Рени. Она всегда была честолюбива. Она хотела сама по себе что-то из себя представлять. В плане искусства, так сказать, но и в плане денег. Тут еще одно. Ковбой мог вырезать колыбель из яблоневого комля, но вот денег у него не было. В один прекрасный день он преподнес ей эту колыбель, с резной куколкой-младенцем внутри, и до потемнения в глазах напугал Рени. Она рассказывала, что эта штука даже пахла младенцем. Выяснилась, что чего ей вовсе не нужно – так это собственных детишек. А нужны ей были деньги. И люди. У нее прорезался талант к тому, чтобы складывать воедино то, что архитекторы и декораторы зовут «элементами». Вот как этот дом.
Он повел рукой вокруг и тихо добавил:
– Я предложил ей помочь устроиться в большом городе. Вот так просто.
Он сделал длинный глоток.
– Хотя у нее до конца сохранился вкус к таким длинноногим простофилям. – Пара кешью выпали у него из кулака на кушетку. – Когда она бросила своего ковбоя, я думал, его это убьет. Я-то знаю, что она чувствовала. Я так же поступил с Дропси. Променял ее на Рени после семнадцати лет жизни. Семнадцати трудных, трудных лет. Но когда я сменял Дропси на Рейн, это можно было понять. Даже Дропси смогла понять, всякий бы понял. Я всего лишь оставил что-то совершенно изведанное и старое ради чего-то свежего и совершенно неизвестного. Это всему миру попятно. Но Рени… Рени бросила красивого, трудолюбивого, чистого молодого человека, будущую семью и место, где можно растить детей, ради чего? Ради типа на двадцать два года старше, с брюшком, выдающим возраст, растущей лысиной, плохими зубами, без особого образования – всякому было видно, что ничего в нем нет, кроме кучи денег. Я вам скажу, все в ее жизни, все, кого она знала, ее мать, тот ковбой, ну… она их просто терпеть не могла.
Он обнаружил орешек среди пуговиц своей рубашки и отправил в рот.
– Я не совсем уж глуп.

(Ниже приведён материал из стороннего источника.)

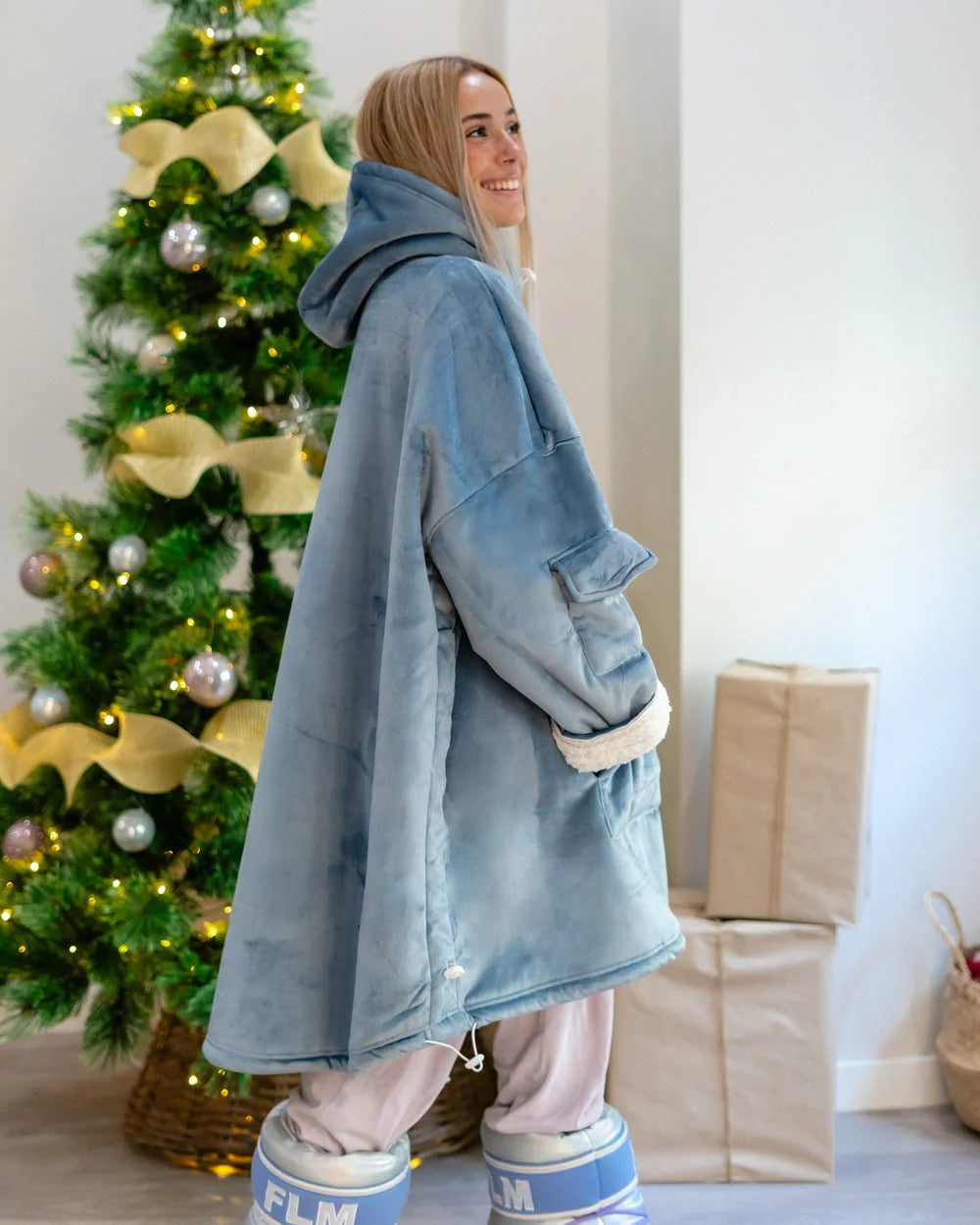 Šis minkštas pledas-džemperis idealiai tinka jaukumui namuose. Puikiai dera su šlepetėmis ir sukuria maksimalų komfortą šaltomis dienomis.

Я спросил ее про Уэсли только год или два спустя. Так звали ковбоя. Я спросил, знает ли она что-нибудь о нем. И она сказала, нет, только по слухам. Сказала, ее мать слышала от кого-то в Элко, что Уэс продал свое ранчо и отправился на Гавайи – господи, на Гавайи! Я изобразил изумление таким поворотом дел, хотя и не удивился, что парень решился на крутой поворот, чтобы, знаете, встряхнуться и вытряхнуть из себя эту девушку. Она была нечто, Рени… Настоящая красавица. И дьявол в…
Голос его затих, не закончив фразы. Я тоже кое-что знаю о тишине, но в этой гостиной в эти несколько мгновений было как-то особенно тихо.
– Хорошо, что я не надеялся, что когда-нибудь получу от нее все, чего мне хотелось, – невесело сказал Ноулс. – И я ей нравился, более или менее, хотя бы поначалу. Честолюбие нас роднило, знаете ли. На этом уровне мы действительно понимали друг друга, и какое-то время этого хватало. Для нас обоих перемена была к лучшему. Мы добились, чего хотели.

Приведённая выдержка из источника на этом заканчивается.